Next Lyotard sets up the framework for thinking about this. He uses Wittgenstein’s “language game” concept. The rules of the game can never legitmate themselves. Even small modifications of the rules can greatly alter meaning. And lastly (I think this is where he differs from Wittgenstein), each speech act is an attempt to alter the rules. Since agreeing upon the current set of rules is a social contract, it is necessary to understand the “nature of social bonds.”

This part gets a little weird to me. He claims that classically society has been seen either as a unified whole or divided in two. The rules of the language games in a unified whole follow standard entropy (they get more complicated and chaotic and degenerate). The divided in two conception is classic Marxism (bourgeoisie/proletariat).

Even if it gets a bit on the mumbo-jumbo side through this part, I think his main point is summarized by this quote:

For it is impossible to know what the state of knowledge is—in other words, the problems its development and distribution are facing today—without knowing something of the society within which it is situated.

This doesn’t seem that controversial to me considering I’ve already admitted that certain powers can control the language and flow of knowledge. Being as generous as possible here, I think he’s just saying we have to know how many of these powers there are and who has the power and who legitimated that power before we can truly understand who’s forming these narratives and why.

In the postmodern world, we have a ton of different institutions all competing for their metanarrative to be heard. Society is more fractured than just the two divisions of the modern world. But each of these institutions also has a set of rules for their language games that constrains them.  For example, the language of prayer has a different set of rules from an academic discussion at a university.

Chapters 7-9 seem to me to be where the most confusion on both the part of Lyotard and the reader can occur. He dives into the concept of narrative truth and scientific truth. You can already feel Lyotard try to position scientific truth to be less valuable than it is and narrative truth more valuable.

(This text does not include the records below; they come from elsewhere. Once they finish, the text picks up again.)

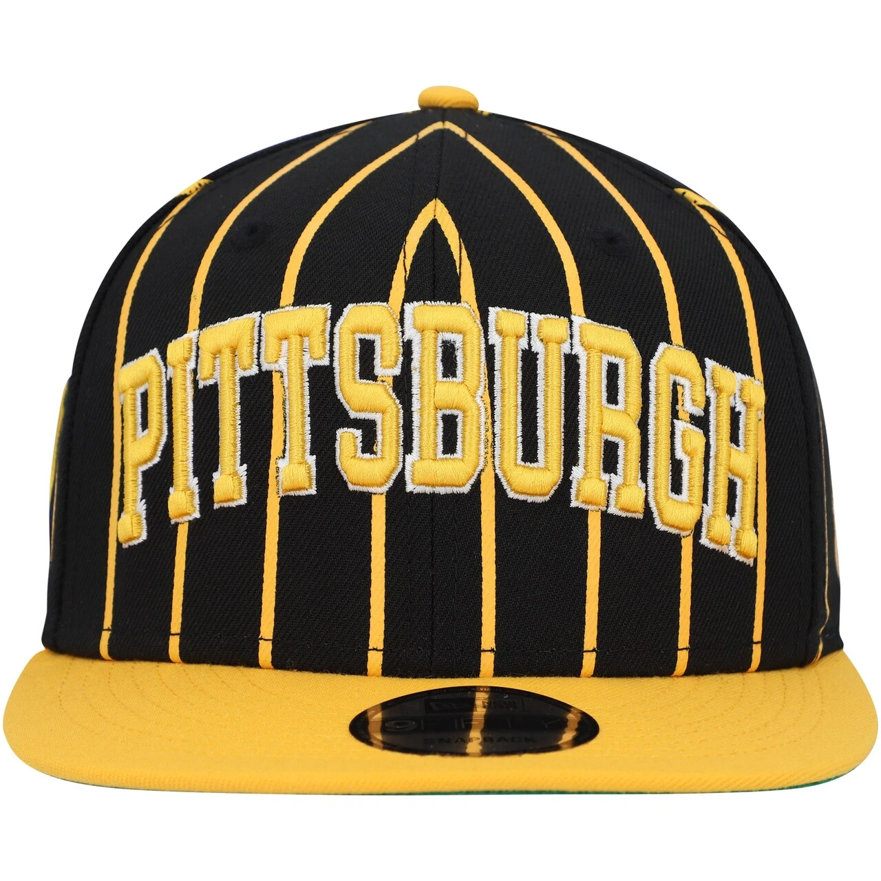 Ensure your collection of headwear is in top-notch shape heading into baseball season by grabbing this Pittsburgh Pirates City Arch 9FIFTY snapback hat from New Era. Along with the classic team colors and graphics, this cap features a unique pinstripe design. The high crown and flat bill give it that added swagger for game day.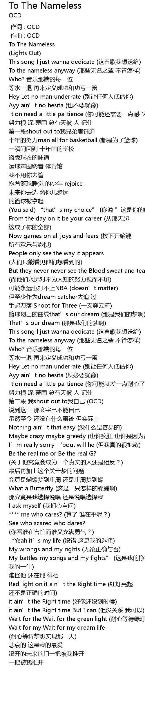 | [00:00.000] | 作词 : OCD |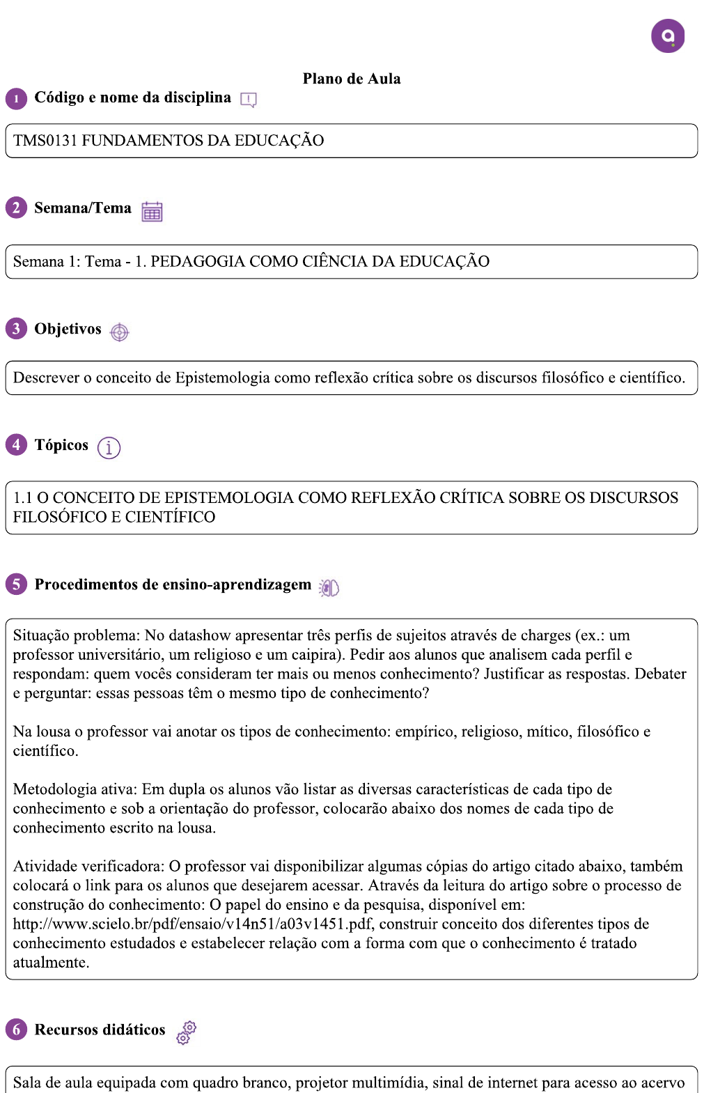 Plano de Aula 1 Código e nome da disciplina TMS0131 FUNDAMENTOS DA EDUCAÇÃO 2 Semana/Tema Semana 1: Tema 1. PEDAGOGIA COMO CIÊNCIA DA EDUCAÇÃO 3 Objetivos Descrever o conceito de Epistemologia como reflexão crítica sobre os discursos filosófico e científico. 4 Tópicos i 1.1 O CONCEITO DE EPISTEMOLOGIA COMO REFLEXÃO CRÍTICA SOBRE OS DISCURSOS FILOSÓFICO E CIENTÍFICO 5 Procedimentos de ensino-aprendizagem Situação problema: No datashow apresentar três perfis de sujeitos através de charges (ex.: um professor universitário, um religioso e um caipira). Pedir aos alunos que analisem cada perfil e respondam: quem vocês consideram ter mais ou menos conhecimento? Justificar as respostas. Debater e perguntar: essas pessoas têm o mesmo tipo de conhecimento? Na lousa o professor vai anotar os tipos de conhecimento: empírico, religioso, mítico, filosófico e científico. Metodologia ativa: Em dupla os alunos vão listar as diversas características de cada tipo de conhecimento e sob a orientação do professor, colocarão abaixo dos nomes de cada tipo de conhecimento escrito na lousa. Atividade verificadora: O professor vai disponibilizar algumas cópias do artigo citado abaixo, também colocará o link para os alunos que desejarem acessar. Através da leitura do artigo sobre o processo de construção do conhecimento: O papel do ensino e da pesquisa, disponível em: construir conceito dos diferentes tipos de conhecimento estudados e estabelecer relação com a forma com que o conhecimento é tratado atualmente. 6 Recursos didáticos Sala de aula equipada com quadro branco, projetor multimídia, sinal de internet para acesso ao acervobibliográfico no ambiente virtual 7 Leitura específica Recomenda-se leitura do texto: Leitura do Artigo: Artigo: Sobre o processo de construção do conhecimento: O papel do ensino e da pesquisa. Disponível em: http://www.scielo.br/pdf/ensaio/v14n51/a03v1451.pdf 8 Aprenda + Assista o vídeo: Tipos de conhecimento. O vídeo traz um resumo dos tipos de conhecimento tratados na aula e também suas características. Disponível em: aM Atividade Autônoma Aura Olá, seja bem vindo! Sabemos que você quer aprender mais, por isso, selecionamos duas questões que revisitam o tema/tópico ministrado nesta aula. Você deve resolvê-las, completando, assim, sua jornada de aprendizagem do dia. Questão 1 Dentre as inúmeras características que integram a produção do saber científico nas ciências humanas, quais podemos destacar? Alternativas: a) Arcabouço teórico-metodológico próprio, delimitação do objeto e da problemática de pesquisa, uso seletivo da documentação, diálogo com outras áreas do saber científico. b) Uso limitado da documentação, restrição interdisciplinar, inexistência de objeto de análise. c) Arcabouço teórico-metodológico das ciências naturais, objeto de pesquisa e problemática delimitados, diálogo restrito com outras áreas do saber científico. d) Arcabouço teórico-metodológico próprio, indefinição do objeto e da problemática de pesquisa, ausência de documentação. e) Teoria e práticas educacionais tradicionais Questão 2: Levando em consideração o contexto do século XIX, que relação podemos estabelecer entre as ciências naturais e as ciências humanas? Alternativas a) Não havia relação entre as duas naturezas científicas, uma vez que seus objetos eram absolutamente distintos. b) A relação pode ser estabelecida, entre outros, a partir da consideração do referencial teórico e metodológico das ciências naturais às ciências humanas. c) Tanto a documentação das ciências naturais quanto das humanas eram as mesmas. d) A proximidade entre as ciências naturais e as ciências humanas se dava exclusivamente pela corrente epistemológica da época e) corrente epistemológica sempre tem um viésPlano de Aula 1 Código e nome da disciplina TMS0131 FUNDAMENTOS DA EDUCAÇÃO 2 Semana/Tema Semana 2: Tema 1. PEDAGOGIA COMO CIÊNCIA DA EDUCAÇÃO 3 Objetivos Identificar a Pedagogia como a Ciência da Educação 4 Tópicos i 1.2 PEDAGOGIA COMO CIÊNCIA DA EDUCAÇÃO 5 Procedimentos de ensino-aprendizagem O docente deverá utilizar as metodologias ativas, valorizando a participação dos alunos, de forma que o processo de ensino-aprendizagem seja centrado no aluno, sendo ele o protagonista da aula. O professor deverá iniciar a aula discutindo com os alunos o que é epistemologia, trabalhando a sua importância para a produção do saber nas ciências humanas. Situação-problema: Como base de conhecimento à produção do saber, a epistemologia configura a linha que sustenta e norteia os estudos nos vários ramos que integram as ciências humanas. Atualmente, o saber científico parte de referenciais epistemológicos que, de alguma forma, validam o resultado alcançado com as pesquisas, além de permitirem uma melhor compreensão da ciência, como, por exemplo: a falseabilidade, isto é, a capacidade que as hipóteses apresentam de serem falseáveis (Karl Popper); a percepção de que o desenvolvimento científico se dá com as rupturas, não requerendo necessariamente uma acumulação (Bachelard); a consideração de que o saber científico é dinâmico, se transformando conforme o tempo (Thomas Kuhn) etc. A prática científica não se dá sem que para ela existam determinados fundamentos epistemológicos. Mesmo considerando a sua dinamicidade, eles estão lá presentes, alicerçando os resultados da ciência. Nesse sentido, orienta a presente aula a seguinte questão: No que compreende a epistemologia, e qual a sua relação com a dimensão teórica e prática nas ciências humanas? Metodologia: Iniciar a aula propondo um debate com a turma sobre a importância do saber epistemológico para a produção de conhecimento nas ciências humanas, discutindo com os alunos de que forma teoria e prática se articulam no referencial epistemológico. Sugere-se o uso da ferramenta GoConqr para construir

Lyotard brings up the classic objections to verification and falsification (namely a variant on Hume’s Problem of Induction). How does one prove ones proof and evidence of a theory is true? How does one know the laws of nature are consistent across time and space? How can one say that a (scientific) theory is true merely because it cannot be falsified?

These were much more powerful objections in Lyotard’s time, but much of science now takes a Bayesian epistemology (even if they don’t admit to this terminology). We believe what is most probable, and we’re open to changing our minds if the evidence leads in that direction. I addressed this more fully a few years ago in my post: Does Bayesian Epistemology Suffer Foundational Problems?

… drawing a parallel between science and nonscientific (narrative) knowledge helps us understand, or at least sense, that the former’s existence is no more—and no less—necessary than the latter’s.

These sorts of statements are where things get tricky for me. I buy the argument that narrative knowledge is important. One can read James Baldwin and gain knowledge and empathy of a gay black man’s perspective that changes your life and the way you see the world. Or maybe you read Butler’s performative theory of gender and suddenly understand your own gender expression in a new way. Both of these types of narrative knowledge could even be argued to be a “necessary” and vital part of humanity.

I also agree science is a separate type of knowledge, but I also see science as clearly more necessary than narrative knowledge. If we lost all of James Baldwin’s writings tomorrow, it would be a tragedy. If we lost the polio vaccine tomorrow, it would be potentially catastrophic.

It’s too easy to philosophize science into this abstract pursuit and forget just how many aspects of your life it touches (your computer, the electricity in your house, the way you cook, the way you get your food, the way you clean yourself). Probably 80% of the developed world would literally die off in a few months if scientific knowledge disappeared.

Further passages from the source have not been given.